Saturday, May 31, 2014

Not All Organisms Use Amino Acids the Same Ways

Organisms vary greatly in the GC (guanine plus cytosine) content of their DNA, and yet all organisms can still make ribosomal proteins, DNA and RNA polymerases, and the various other essential proteins of life, no matter what their DNA vocabulary limitations might be. A high-GC organism like Streptomyces can make a given enzyme (DNA polymerase, say) using mostly G and C bases in its DNA, but a low-GC organism like Clostridium botulinum can also make the same kind of enzyme, even though it uses mostly A and T in its DNA. How is this possible?

It's possible in part because of the many synonyms for amino acids available in the genetic code. But it's a mistake to think the same amino acids are used in equal numbers by high-GC organisms and low-GC organisms. Organisms at opposite ends of the GC spectrum use different amino acids.
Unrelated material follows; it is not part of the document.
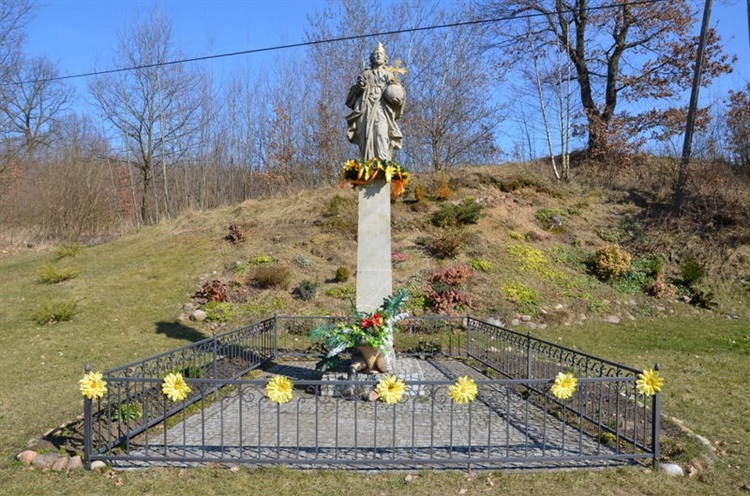 Na skraju rozwidlenia dróg znajduje się pomnik Chrystusa Króla. Figura wykonana z kamienia stoi na wysokim kamiennym postumencie. Chrystus przedstawiony jest z instygniami władzy królewskiej - w złotej koronie na głowie oraz jabłkiem zwieńczonym złotym krzyżem. Pomnik otacza niskie, ozdobne metalowe ogrodzenie.

I was curious to see which amino acids correlate most strongly with genomic GC, so I gathered codon usage statistics for 109 organisms of widely varying genomic GC content and used JavaScript to calculate Pearson correlation coefficients for all 20 amino acids with respect to  GC content. The results are shown in the following table.

TABLE 1. Correlation (r) between amino acid usage and genome GC content (N=109 organisms). 

Code
Amino Acid
r
A
Alanine (Ala)
0.9634
R
Arginine (Arg)
0.9495
G
Glycine (Gly)
0.9472
P
Proline (Pro)
0.9436
V
Valine (Val)
0.7725
W
Tryptophan (Trp)
0.7497
H
Histidine (His)
0.4660
L
Leucine (Leu)
0.3364
D
Aspartic Acid (Asp)
0.3347
T
Threonine (Thr)
0.3099
C
Cysteine (Cys)
-0.1280
Q
Glutamine (Gln)
-0.1668
M
Methionine (Met)
-0.2863
E
Glutamic Acid (Glu)
-0.4621
S
Serine (Ser)
-0.6831
F
Phenylalanine (Phe)
-0.8550
Y
Tyrosine (Tyr)
-0.8983
K
Lysine (Lys)
-0.9389
N
Asparagine (Asn)
-0.9391
I
Isoleucine (Ile)
-0.9558

Ten amino acids correlate positively with GC and ten correlate negatively. Alanine and arginine have the strongest positive correlation with GC, while isoleucine and asparagine have the strongest negative correlation with genomic GC content. (But note that these data apply only to the 109 organisms studied. For the complete list of 109 organisms, see this post.)

If you were to extract all the amino acids out of Clostridium botulinum (28% GC), you would get far more lysine than alanine. Conversely, if you were to hydrolyze all the proteins in Streptomyces griseus (GC 72%), you would find far more alanine than lysine.

Interestingly, serine has six synonymous codons (AGT, AGC, CTA, CTG, CTC, CTT) and can just as easily be specified with G and C as with A and T; so overall, you'd expect little correlation with genomic GC. And yet serine use correlates strongly with low GC. In a sense, this is not surprising. Certain low-GC organisms (like Streptococcus) are known to produce serine-rich cell-coat proteins, some of which are important determinants of pathogenicity. But it may simply be that the high utilization of serine in low-GC organisms is related to one-carbon chemistry. Serine, after all, is the source of the methyl group that, by way of methylenetetrahydrofolate, converts dUMP to TMP (thymidine monophosphate, a DNA precursor). Any organism whose DNA is unusually rich in thymine (low in GC) will almost certainly be processing large quantities of serine. Serine is also a carbon source in the biosynthetic pathways for cysteine and methionine, both of which, like serine itself, are negatively correlated with genomic GC content.